Cities and industry need to partner on resiliency after disasters
Communities reeling from natural and man-made disasters should foster partnerships between government and the tech industry to build long-term resiliency, a group of state and federal government leaders said Tuesday at the South by Southwest conference in Austin, Texas.
While cities are increasingly focused on how they weather and rebound from disasters, coordination between the public and private sectors is crucial, especially when 90 percent of all critical infrastructure is owned by private entities, said Bob Kolasky, the director of the Department of Homeland Security’s National Risk Management Center.
“Our part of resilience is putting together public and private networks to make sure infrastructure is going to function during times of duress,” he said.
Andre Hentz, the acting deputy undersecretary of DHS’s Science and Technology division, said his agency is working with communities affected by severe flooding — like Ellicott City, Maryland, which suffered historic deluges in 2016 and 2018 — to find low-cost, internet-connected devices to help issue warnings to residents and businesses. Outfitting more cities with so-called “internet of things” equipment could help lessen the tolls of future incidents, Hentz said.
“Nine out of ten deaths in hurricanes are from floods,” he said. “Incident commanders need tools to help save lives.”
Greater cooperation by governments and the tech industry could also help limit the cascading effects of a big disaster, former Maryland Gov. Martin O’Malley said. O’Malley, also a former Baltimore mayor, recalled a 2001 rail-tunnel fire early in his mayoral term that started with a freight train derailment but quickly expanded to impact passenger rail, internet service and even Major League Baseball.
“One end of the tunnel was at Camden Yards, and the other was 1.8 miles away, and smoke was coming out at both ends,” he said.
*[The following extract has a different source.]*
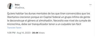De todas maneras, es un punto que muestra una estrategia acertada de esa fuerza y una estrategia errada -y vergonzosa- de quienes para oponerse a esa fuerza son más libertarios que los libertarios y esconden la agenda de género y diversidad sexual demonizando al feminismo que permitió cambios positivos y dejando que Milei no solo gane las elecciones sino la disputa electoral en donde los machistas popu-progresistas toman encantados el machismo liberal para correr a las mujeres, gays, lesbianas y trans del centro de la escena.

That was only the beginning of the problems. O’Malley said the derailment ruptured a water main, which caused flooding on the streets above, and severed a fiber optic cable, slowing down internet traffic along the East Coast. It also led to the postponement of three Orioles home games. In 2001, O’Malley said, the siloing of information between city agencies made it difficult to predict what would go wrong next.
“Today, there’s no excuse for mayors not to know where those single points of failure are,” he said. “It’s like a drinking game every time someone says ‘separate silos.’ You can model cascading events.”
That modeling rides largely on being able to map potential problem spots, said O’Malley. He called geospatial awareness and infrastructure redesign the “twin engines” of city resiliency.
But cities still need more direct interaction with the industries that build the tools that could potentially help them stave off or mitigate the effects of future disasters, Hentz said.
“As city planners begin to think about their design, I want to see cities form partnerships to test new technologies,” he said. “Long term, we significantly need an industrial base that’s motivated around homeland security challenges.”